Antique Finials

Finials are ornamental objects designed to mark the end or peak of an object. Antique finials are typically carved by hand and made with ornate embellishments. They may be used for architectural ornaments, household furnishings, or on consumer goods, and they are typically permanently placed onto the item.

What are the styles of decorative finials?
  • Gothic: A Gothic finial may take on the shape of a gargoyle or a dragon design.
  • Geometric: A geometric design for a finial is often used on the top of a rooftop or on a flagpole.
  • Pineapple: A pineapple finial is common on a Newel post, stairs, or staircase.
  • Oak and acorn: An oak or acorn finial is often used on stairs or a staircase. The acorn finial is also common on a lamp, shade pull, or small flag's extension pole.

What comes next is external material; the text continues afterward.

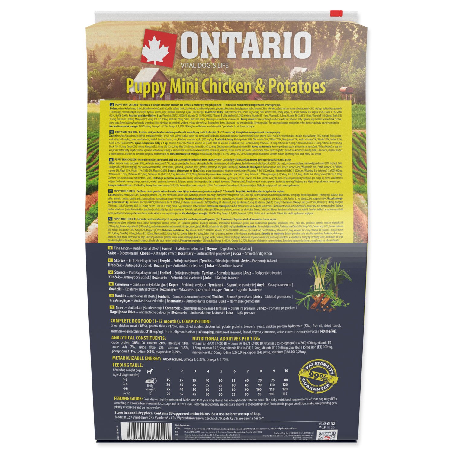 Krmivo pro štěňata musí splňovat vysoké výživové a nutriční požadavky pro jejich správný vývoj a růst. Proto značka Ontario vyvinula ve spolupráci s veterináři a nutričními specialisty unikátní a výjimečně chutnou recepturu, která poskytuje vyvážené složení, správný poměr všech živin a dostatek energie pro kvalitní start Vašeho štěněte do života. Kvalitní strava je jednou z nejdůležitějších podmínek pro zdravý a dlouhý život Vašeho psa. Receptura krmiva je založená na vysokém podílu proteinů z kuřecího masa důležitých pro správný vývoj svalů a tkání a na bramborách, které jsou po tepelné úpravě nejlepším zdrojem sacharidu. S nízkým obsahem obilovin, bez pšenice a kukuřice. Jedinou obilovinou je rýže. Vyvážené složení pro zdravé fungování a vývoj celého organismu. Speciální mix bylinek a koření, zejména rozmarýn a skořice, pro podporu přirozené imunity a poskytující antibakteriální efekt. Krmivo obsahuje širokou škálu vitamínů a minerálů podporující zdravý růst a vývin.Hlavní přednosti

  • People and animals: Finials in the shape of people or animals are often used on a Newel post, staircase, or stairs.
What materials are finials made from?
  • Wood: Wood is a common resource used for antique finials inside of a house. A wood acorn finial or wood pineapple finial is common on a Newel post. Woods used in an acorn finial are typically the same wood used in a staircase for a seamless look. A wood acorn finial is usually made of oak.

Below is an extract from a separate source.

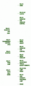 Fuse Panel Layout Diagram Parts: radiator fan highlow control, A/C clutching, radiator fan control, adjustable pedals, fog lamp front, high intensity discharge lamp, radiator fan relay, transmission control relay, starter relay, park lamp relay, auto shutdown relay, wiper relay.

  • Brass: This kind of metal finial is often used in the design of a lampshade, light chain pull, decorative spoon, or flag's pole. This type of finial offers durability because the metal does not expand much when it is exposed to extreme temperatures. On a marble staircase, the finial might be made of brass.

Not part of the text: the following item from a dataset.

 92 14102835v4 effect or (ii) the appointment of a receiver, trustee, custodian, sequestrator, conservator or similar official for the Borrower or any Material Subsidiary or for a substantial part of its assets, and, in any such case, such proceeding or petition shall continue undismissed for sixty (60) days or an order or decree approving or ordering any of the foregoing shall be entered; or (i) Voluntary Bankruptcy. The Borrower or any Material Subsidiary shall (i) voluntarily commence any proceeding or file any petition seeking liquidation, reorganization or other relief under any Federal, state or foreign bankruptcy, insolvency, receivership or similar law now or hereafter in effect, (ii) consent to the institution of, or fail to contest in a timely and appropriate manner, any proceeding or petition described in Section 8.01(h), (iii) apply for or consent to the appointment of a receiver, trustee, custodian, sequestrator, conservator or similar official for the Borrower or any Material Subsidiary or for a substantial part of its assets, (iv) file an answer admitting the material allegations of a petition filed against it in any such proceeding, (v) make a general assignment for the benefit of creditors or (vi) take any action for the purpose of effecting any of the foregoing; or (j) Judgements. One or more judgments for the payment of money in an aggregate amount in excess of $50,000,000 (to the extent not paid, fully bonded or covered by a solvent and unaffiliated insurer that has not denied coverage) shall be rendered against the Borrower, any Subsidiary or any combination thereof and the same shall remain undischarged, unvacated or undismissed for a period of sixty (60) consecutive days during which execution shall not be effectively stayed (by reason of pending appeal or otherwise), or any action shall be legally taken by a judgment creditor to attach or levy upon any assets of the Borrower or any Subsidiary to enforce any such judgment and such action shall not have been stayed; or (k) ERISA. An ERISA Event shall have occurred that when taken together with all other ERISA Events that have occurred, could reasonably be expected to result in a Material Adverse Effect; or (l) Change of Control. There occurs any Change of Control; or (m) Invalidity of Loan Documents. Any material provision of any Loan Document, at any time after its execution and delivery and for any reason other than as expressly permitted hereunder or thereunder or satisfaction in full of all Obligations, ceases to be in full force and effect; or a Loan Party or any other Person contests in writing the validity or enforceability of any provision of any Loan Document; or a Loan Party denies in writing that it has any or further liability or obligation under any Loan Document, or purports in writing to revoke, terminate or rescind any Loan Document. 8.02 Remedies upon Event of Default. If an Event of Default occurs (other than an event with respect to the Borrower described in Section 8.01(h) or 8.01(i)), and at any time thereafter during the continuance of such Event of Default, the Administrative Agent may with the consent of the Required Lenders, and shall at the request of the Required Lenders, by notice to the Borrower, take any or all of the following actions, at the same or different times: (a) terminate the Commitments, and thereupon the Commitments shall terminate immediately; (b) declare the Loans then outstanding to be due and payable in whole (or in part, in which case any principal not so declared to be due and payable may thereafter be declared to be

  • Copper or cast iron: Copper or cast iron are materials often used for a finial used on the rooftop of a building or a house. These metals develop a patina on the finial and last for a long time. Antique copper or cast-iron finials are usually highly sculpted or geometric in their design.
How do you use a finial?

Finials may be used for architectural purposes, typically on the bell tower, spire, or dome of a large building. Large houses with a dome may have a spire on the top. Staircases often have a Newel post, which is typically pineapple-, oak-, or acorn-shaped. The Newel post is usually made of the same colour and finish as the rails and stair banister. The Newel post is turned on a lathe and carved by hand. A finial may be attached to the pull string of a ceiling fan, shade, or light bulb chain pull. The top of a lampshade often has a finial on the top for keeping the shade in balance. Bed posts typically have a finial on top, and antique beds often have ornate finials. Souvenir spoons may have a finial on the tip of the handle. Inground flagpoles and hanging flag poles also commonly have finials, often in the shape of an eagle.